Giter Site home page Giter Site logo

ashafaei / od-test Goto Github PK

View Code? Open in Web Editor NEW
62.0 5.0 11.0 3.59 MB

OD-test: A Less Biased Evaluation of Out-of-Distribution (Outlier) Detectors (PyTorch)

License: MIT License

Python 99.96% Shell 0.04%
deep-learning pytorch od-test outlier-detection evaluation-framework in-distribution anomaly-detection

od-test's Introduction

Publication Information

This repository accompanies the paper:

  • A. Shafaei, J. J. Little, Mark Schmidt. A Less Biased Evaluation of Out-of-distribution Sample Detectors. in BMVC 2019.
  • "Does Your Model Know the Digit 6 Is Not a Cat?
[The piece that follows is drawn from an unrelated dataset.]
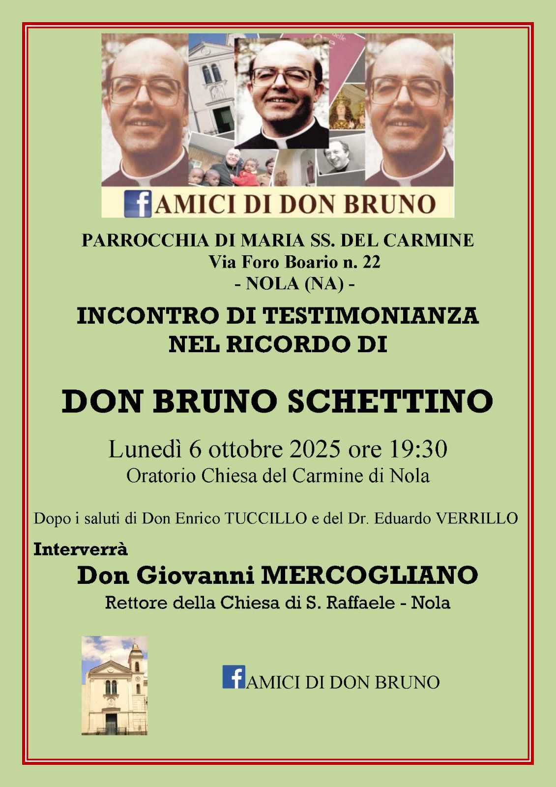 Per ricordare monsignor Schettino, lunedì 6 ottobre, presso l'Oratorio parrocchiale, alle 19:30, dopo i saluti del parrocco della comunità Maria Santissima del Carmine, don Enrico Tuccillo e di Eduardo Verrillo, interverrà il rettore della chiesa di San Raffaele in Nola, don Giovanni Mercogliano.

A Less Biased Evaluation of Outlier Detectors." [ArXiv].

Keywords: out-of-distribution sample detection, outlier detection, anomaly detection, deep neural networks.

Bibtex:

@inproceedings{Shafaei2019,
    author = {Shafaei, Alireza and Schmidt, Mark and Little, James},
    booktitle = {BMVC},
    title = {{A Less Biased Evaluation of Out-of-distribution Sample Detectors}},
    year = {2019}
}
  • Raw Results with a list of experiments: [Google Sheets]
  • Experiment Files: Get the pretrained models [Document]

Introduction

Fig1

The problem of interest is out-of-distribution (OOD) sample detection. In our paper, we present an evaluation framework called OD-test for methods that address OOD sample detection. We show that the traditional evaluation strategy yields overly-optimistic results, hence the need for more reliable evaluation. In this repository, we implement the OD-test for image recognition problems with deep neural networks. You can replicate all the results of our paper here.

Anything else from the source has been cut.